§ Your objective: In the entries that follow, find the line containing "Beautiful Confirmation Invitation" and the line containing "Общая площадь дома", then copy exactly everything from the first through the second except the pictures.

§ Extracted data:
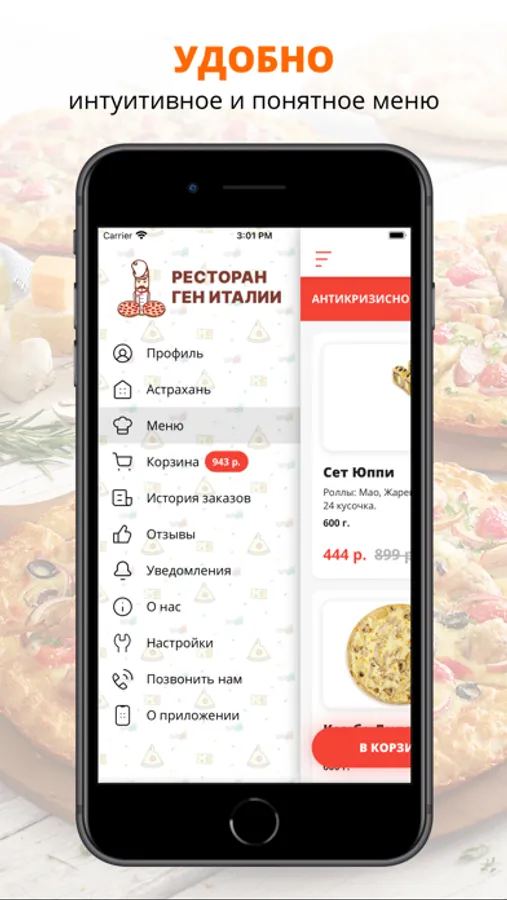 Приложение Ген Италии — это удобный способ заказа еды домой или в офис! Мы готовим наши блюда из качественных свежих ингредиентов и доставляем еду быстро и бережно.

* * *

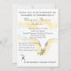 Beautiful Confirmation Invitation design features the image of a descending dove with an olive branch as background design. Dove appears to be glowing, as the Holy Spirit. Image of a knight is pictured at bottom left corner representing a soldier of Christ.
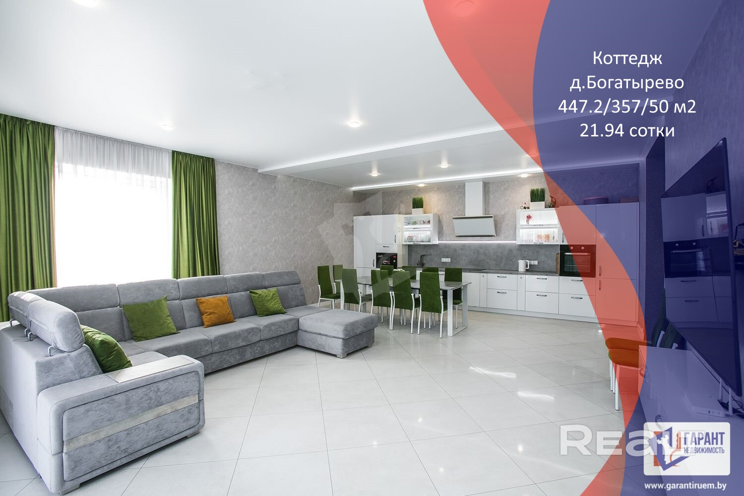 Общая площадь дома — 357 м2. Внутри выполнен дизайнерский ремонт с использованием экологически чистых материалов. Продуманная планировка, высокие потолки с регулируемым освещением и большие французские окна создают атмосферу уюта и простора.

§ Output below:
 Beautiful Confirmation Invitation design features the image of a descending dove with an olive branch as background design. Dove appears to be glowing, as the Holy Spirit. Image of a knight is pictured at bottom left corner representing a soldier of Christ.
 Общая площадь дома — 357 м2. Внутри выполнен дизайнерский ремонт с использованием экологически чистых материалов. Продуманная планировка, высокие потолки с регулируемым освещением и большие французские окна создают атмосферу уюта и простора.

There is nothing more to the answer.